Rendering Glass in Shaderlight
We often get asked about how to render glass – a difficult question to answer as it really depends on the type of glass you are trying to create. For example a double glazed frosted window would require different settings to a single pane of glass.
The simplest way to render a glass material is by using the SketchUp Translucent Presets in the Material Editor. These will then be set to ‘Auto’ in the Shaderlight Material Editor giving you glass. Alternatively, you can change the Shaderlight finish type or use any other material and change it to be Transparent or Translucent to get the effect you want for your final image.
Shaderlight’s Transparent setting is probably the most frequently used for creating Glass. Transparent material is opaque and can also be coloured. It will produce reflections in the same way you would expect for normal glass.
Thin Glass Vs Thick Glass
What is the difference between Thin and Thick Glass? The main difference between the two is that thick glass will refract where as thin glass will not. Refraction means ‘The bending of a wave, such a light as it passes from one medium to another medium of different density.’
So if you are wanting to render an object which has more than one face, for example a double glazed window, then it would be best to use Thick Glass to that the light is refracted and reflected in the window. If you are creating a single sheet glass panel, then Thin Glass would be suitable.
The render below shows a wine bottle & glass. The colour used is just ‘white’ then in the Shaderlight Material Editor I have set the glass to be ‘Transparent’, ‘Thick Glass’.
A little Tip…
We often have questions about glass material not showing as ‘opaque’ on all sides. SketchUp will see a single sheet as having 2 faces – a front and a back so you need to make sure that all the faces of your object are set to the same glass material for it to render correctly.
When you have a box or cube which you want to be glass, the same applies that each face has a front and back. So if you find one of the sides is not showing as opaque glass in your render you need to check all the faces are set to the correct material.
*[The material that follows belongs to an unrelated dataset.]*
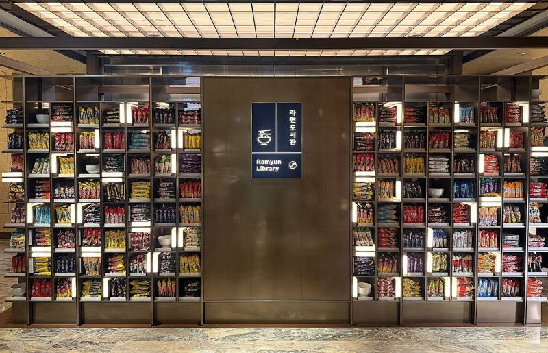 ‘라면 라이브러리’는 인천공항 제2여객터미널 253번 탑승구 맞은편 4층에 위치한 대한항공 프레스티지 동편 좌측 라운지 내에 조성됐다.

There are 2 ways in which to do this:
1) Select the face so that it highlights in SketchUp, right click Reverse Faces. This will then flip that face round to expose the other side so you can check the material settings.
2) If the object is big enough navigate until you are inside so you can see the internal faces to check the materials.
Translucent Material is generally more cloudy and therefore does not reflect as much as Transparent Material. It can be used to create a frosted window or anything where the glass is to be less opaque. Again, Translucent Thin material will not refract the light, where as Translucent Thick material will refract.
The image below has been rendered using a ‘Translucent’ finish on the window. When you are creating a moody scene, I find that the Translucent finish often adds a nice feel to the overall render as it is not so shiny and reflective.
We hope that you have found this Rendering Glass Tutorial useful.